- How to complete this task: A verbatim repeat of the lines below is required, with the pictures removed.

- Data:
───
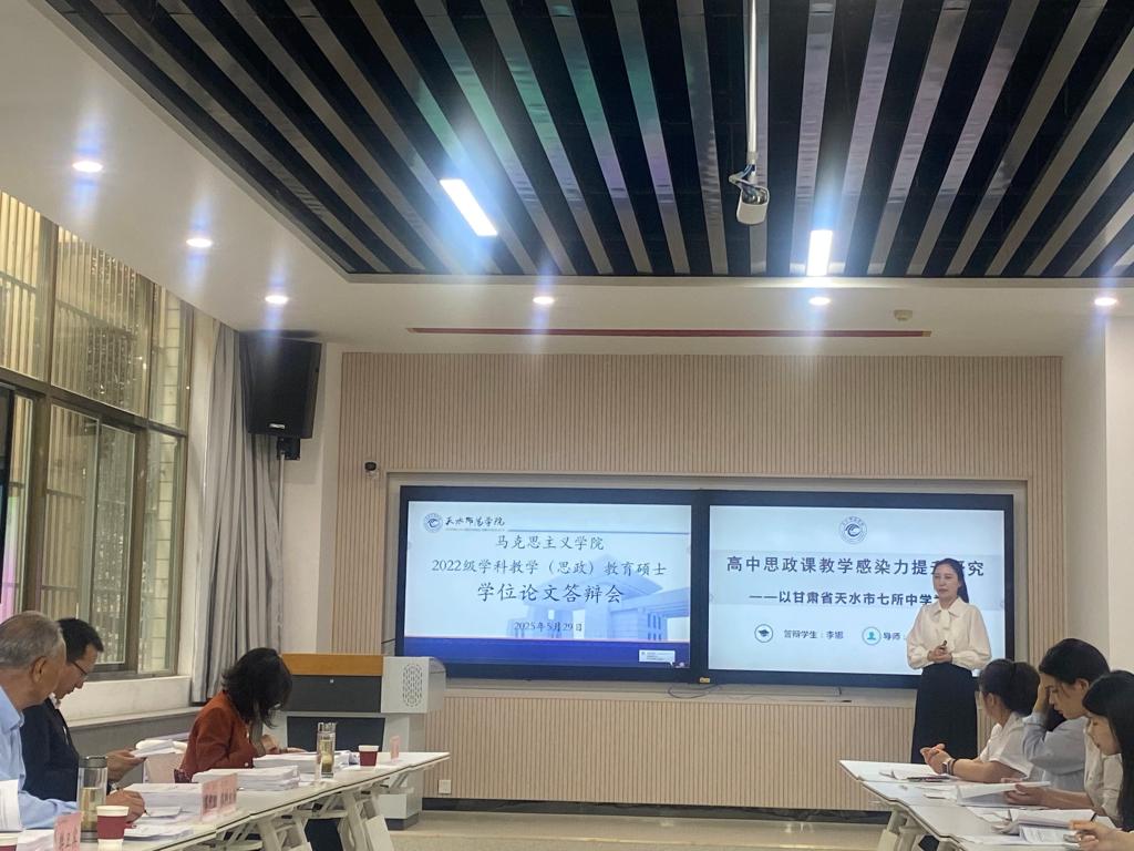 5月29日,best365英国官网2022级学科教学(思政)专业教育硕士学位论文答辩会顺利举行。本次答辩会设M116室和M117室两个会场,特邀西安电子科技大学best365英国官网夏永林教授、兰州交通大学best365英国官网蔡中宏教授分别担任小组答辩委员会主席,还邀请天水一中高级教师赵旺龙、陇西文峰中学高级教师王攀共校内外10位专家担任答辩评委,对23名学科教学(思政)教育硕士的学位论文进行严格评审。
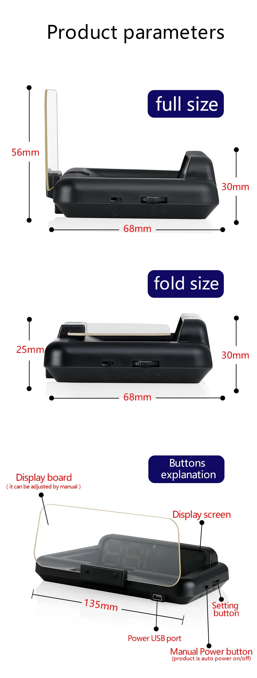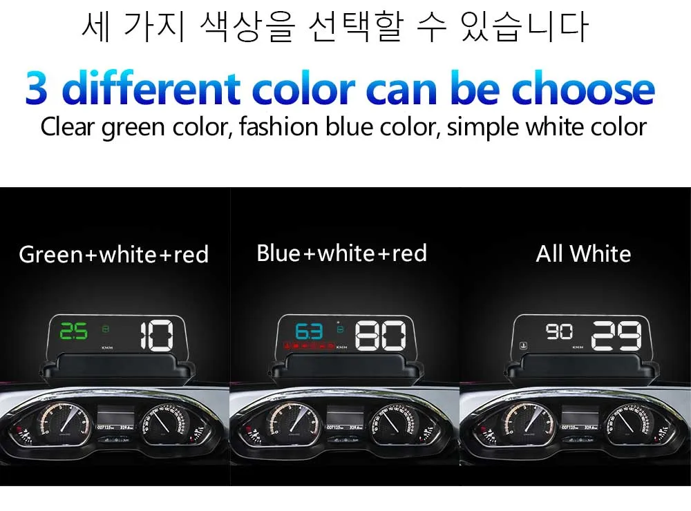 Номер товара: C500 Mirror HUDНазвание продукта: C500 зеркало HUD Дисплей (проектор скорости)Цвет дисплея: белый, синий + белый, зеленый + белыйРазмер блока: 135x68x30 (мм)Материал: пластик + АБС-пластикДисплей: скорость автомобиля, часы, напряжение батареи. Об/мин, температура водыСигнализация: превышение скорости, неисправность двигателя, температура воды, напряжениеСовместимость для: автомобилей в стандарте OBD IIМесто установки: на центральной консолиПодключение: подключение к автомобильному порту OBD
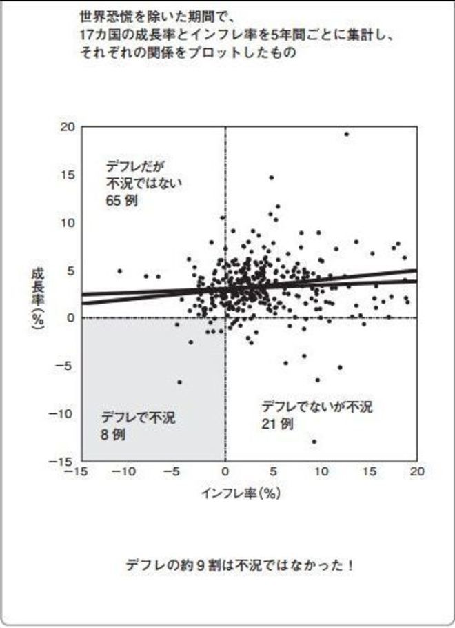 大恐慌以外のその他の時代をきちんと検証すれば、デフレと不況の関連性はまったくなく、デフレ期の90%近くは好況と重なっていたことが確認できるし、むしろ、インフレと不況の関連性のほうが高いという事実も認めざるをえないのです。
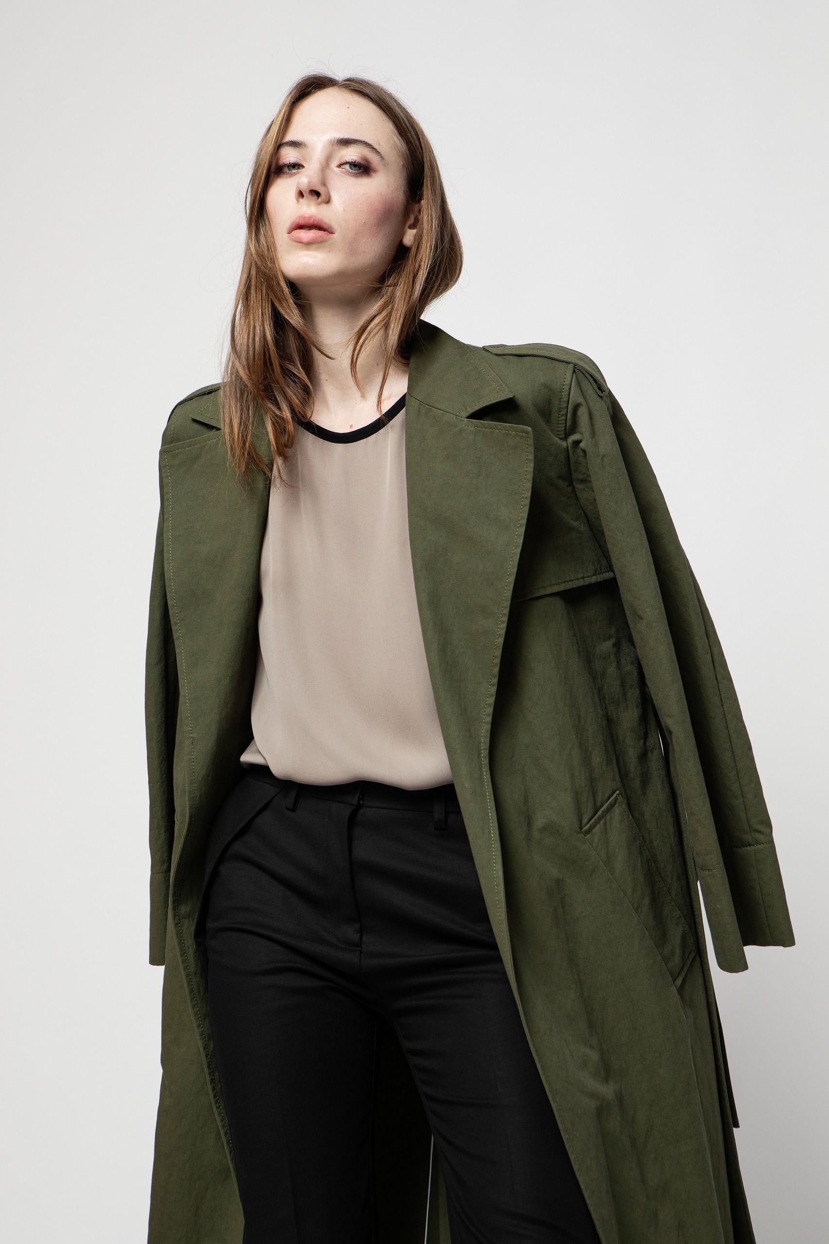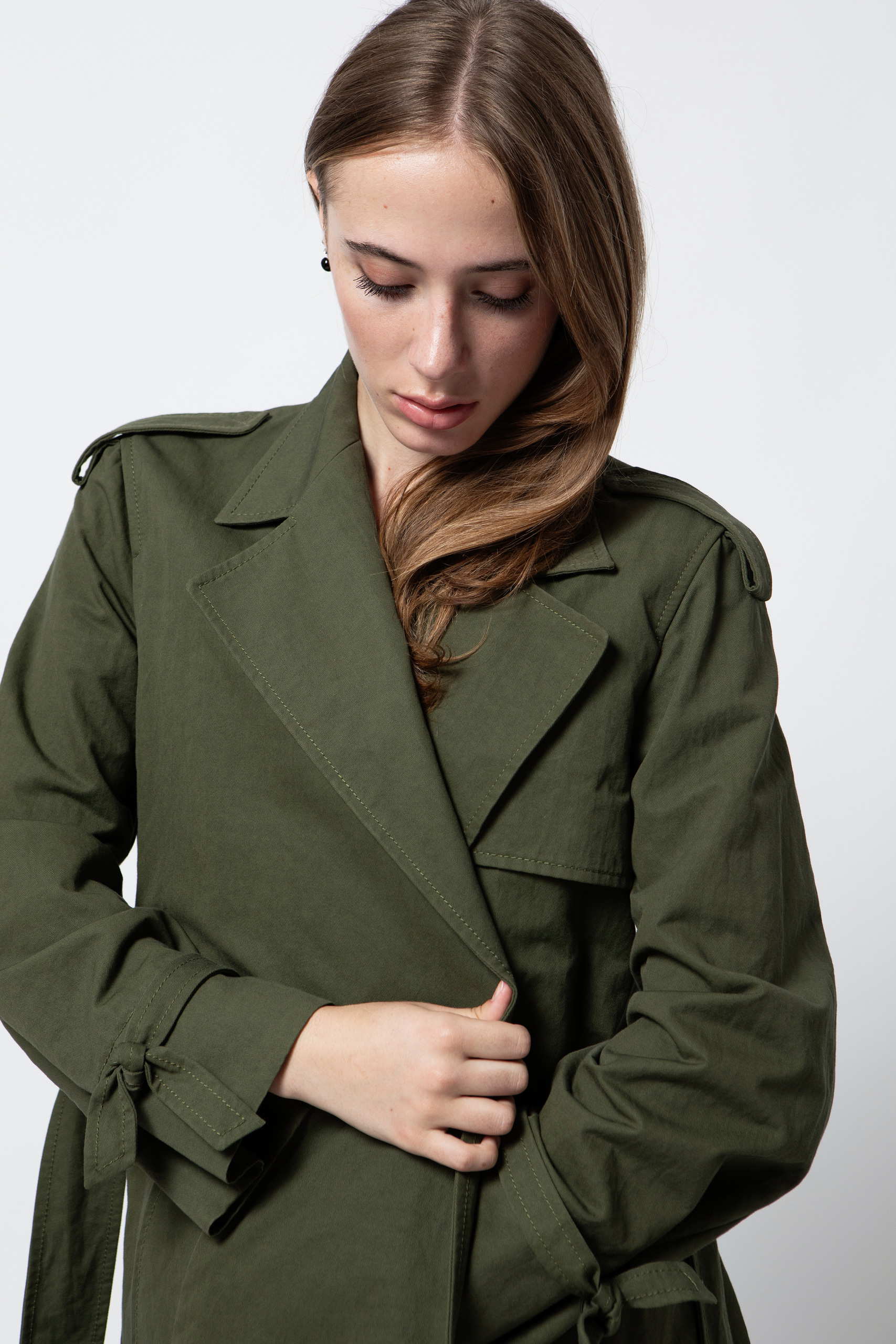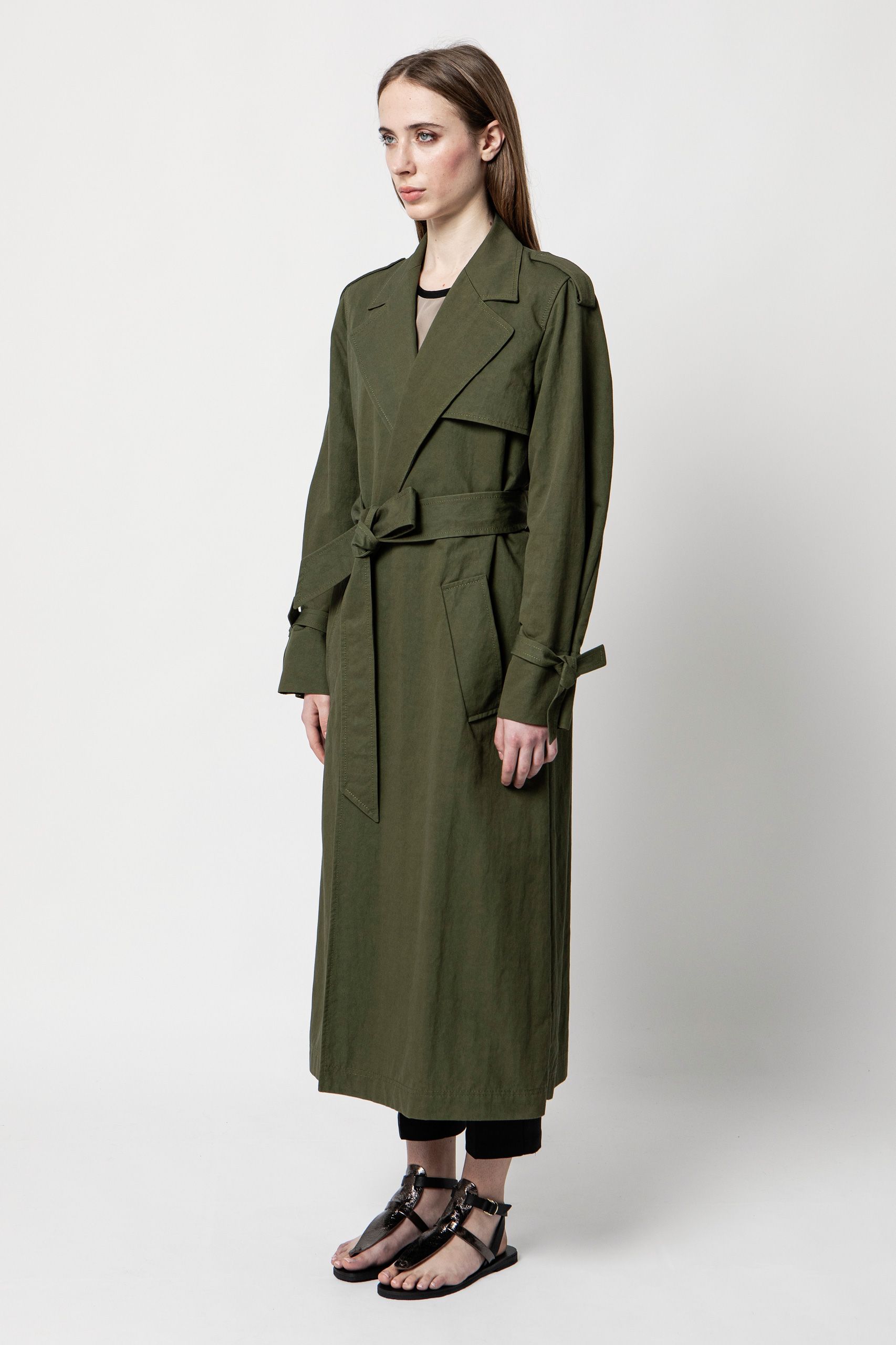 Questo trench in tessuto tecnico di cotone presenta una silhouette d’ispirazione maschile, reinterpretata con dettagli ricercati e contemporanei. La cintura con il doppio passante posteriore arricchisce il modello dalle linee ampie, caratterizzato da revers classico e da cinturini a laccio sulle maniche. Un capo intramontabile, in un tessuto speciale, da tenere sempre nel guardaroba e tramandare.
───
- Written reply:
 5月29日,best365英国官网2022级学科教学(思政)专业教育硕士学位论文答辩会顺利举行。本次答辩会设M116室和M117室两个会场,特邀西安电子科技大学best365英国官网夏永林教授、兰州交通大学best365英国官网蔡中宏教授分别担任小组答辩委员会主席,还邀请天水一中高级教师赵旺龙、陇西文峰中学高级教师王攀共校内外10位专家担任答辩评委,对23名学科教学(思政)教育硕士的学位论文进行严格评审。
 Номер товара: C500 Mirror HUDНазвание продукта: C500 зеркало HUD Дисплей (проектор скорости)Цвет дисплея: белый, синий + белый, зеленый + белыйРазмер блока: 135x68x30 (мм)Материал: пластик + АБС-пластикДисплей: скорость автомобиля, часы, напряжение батареи. Об/мин, температура водыСигнализация: превышение скорости, неисправность двигателя, температура воды, напряжениеСовместимость для: автомобилей в стандарте OBD IIМесто установки: на центральной консолиПодключение: подключение к автомобильному порту OBD
 大恐慌以外のその他の時代をきちんと検証すれば、デフレと不況の関連性はまったくなく、デフレ期の90%近くは好況と重なっていたことが確認できるし、むしろ、インフレと不況の関連性のほうが高いという事実も認めざるをえないのです。
 Questo trench in tessuto tecnico di cotone presenta una silhouette d’ispirazione maschile, reinterpretata con dettagli ricercati e contemporanei. La cintura con il doppio passante posteriore arricchisce il modello dalle linee ampie, caratterizzato da revers classico e da cinturini a laccio sulle maniche. Un capo intramontabile, in un tessuto speciale, da tenere sempre nel guardaroba e tramandare.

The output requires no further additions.